Authors must state the role of the funding body (if any) in: study design; collection, analysis, and interpretation of data; writing of the manuscript; and the decision to submit for publication. If the funder had no role in any of these, this should be explicitly stated.
JCCS is committed to financial transparency. The APC (Article Processing Charge) does not influence editorial decisions. Waiver decisions are made independently of the editorial process and are never communicated to editors or reviewers.
Informed Consent & Patient Privacy
Research involving human participants must be conducted in accordance with the Declaration of Helsinki and applicable national regulations. Authors must state in the Methods section that written informed consent was obtained from all participants (or their legal guardians) prior to the study.
Case Reports & Clinical Images
Case reports, case series, and any manuscript containing clinical images or identifiable patient data require written informed consent from the patient (or their guardian). A statement confirming this must appear in the manuscript. Patient identifiers must be removed or anonymised unless the patient has specifically consented to their inclusion.

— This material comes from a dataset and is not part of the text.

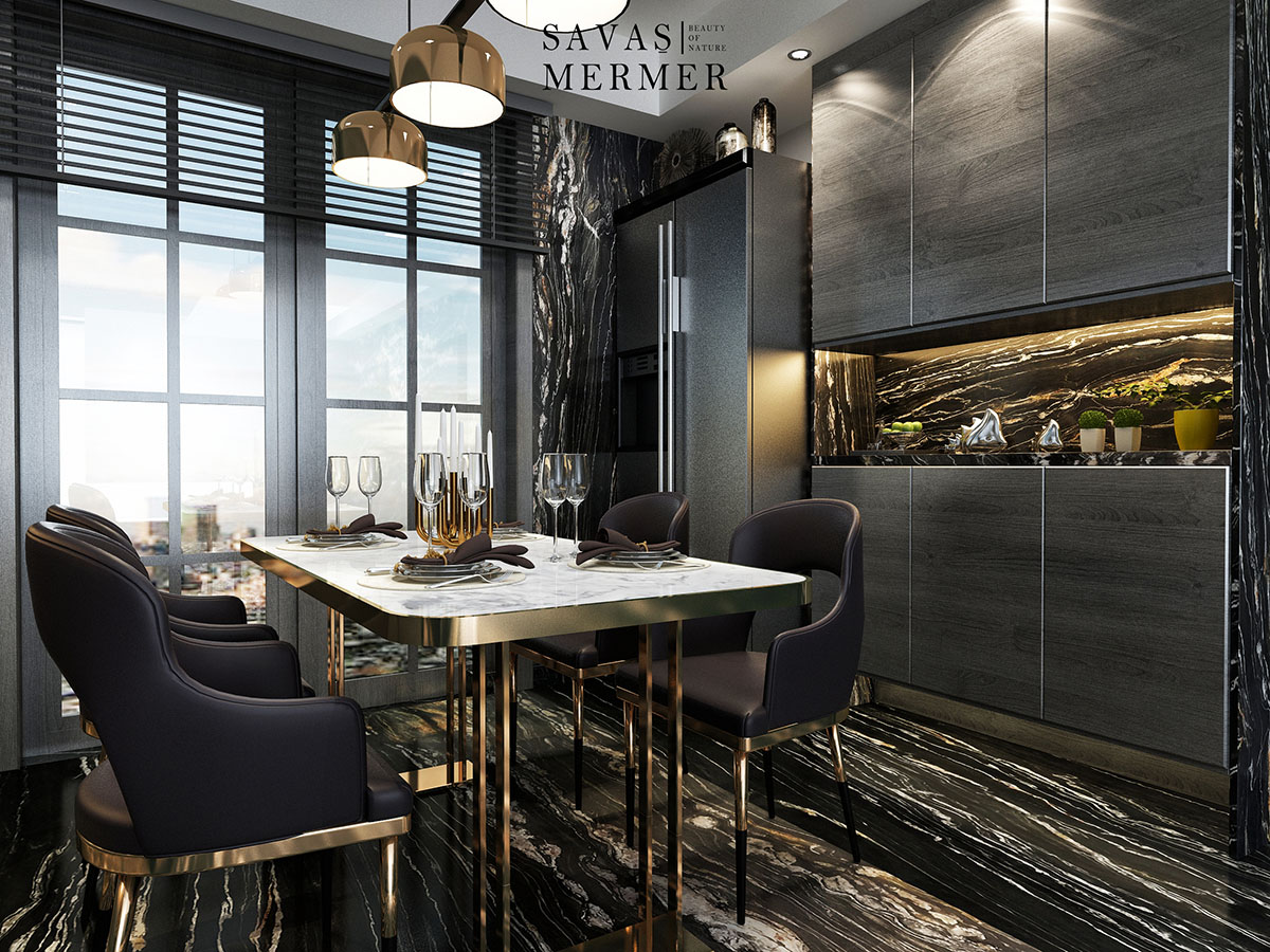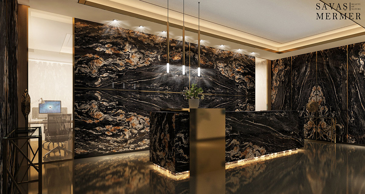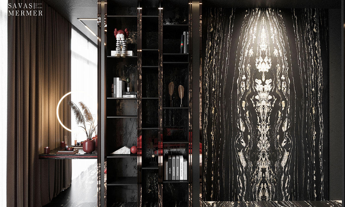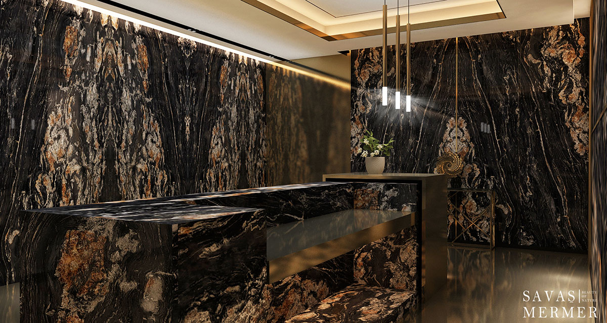 La Cuarcita Tropical Storm es una piedra natural impresionante con fondo negro profundo y vetas doradas, blancas y plateadas. Sus patrones dinámicos evocan la energía de una tormenta, perfecta para interiores modernos y de lujo.

Research Involving Children
Research involving minors requires consent from a parent or legal guardian, and assent from the child where developmentally appropriate. This must be described in the Methods section.
Research Involving Vulnerable Populations
Particular care must be taken in studies involving vulnerable groups, including individuals with journal of cardiology and cardiovascular sciences conditions, cognitive impairment, or those in coercive environments. Authors should describe safeguards applied to protect participants.
Research Ethics Approval
All research involving human participants, human tissue, or animals must have been approved by the relevant Institutional Review Board (IRB) or Ethics Committee before the study commenced. The manuscript must include the name of the approving body and the approval reference number in the Methods section.
Animal Research
Studies involving laboratory animals must confirm compliance with all applicable national guidelines for the care and use of laboratory animals and must have received ethics committee approval. Authors must confirm that procedures were designed to minimise animal suffering and that the 3Rs principles (Replacement, Reduction, Refinement) were applied.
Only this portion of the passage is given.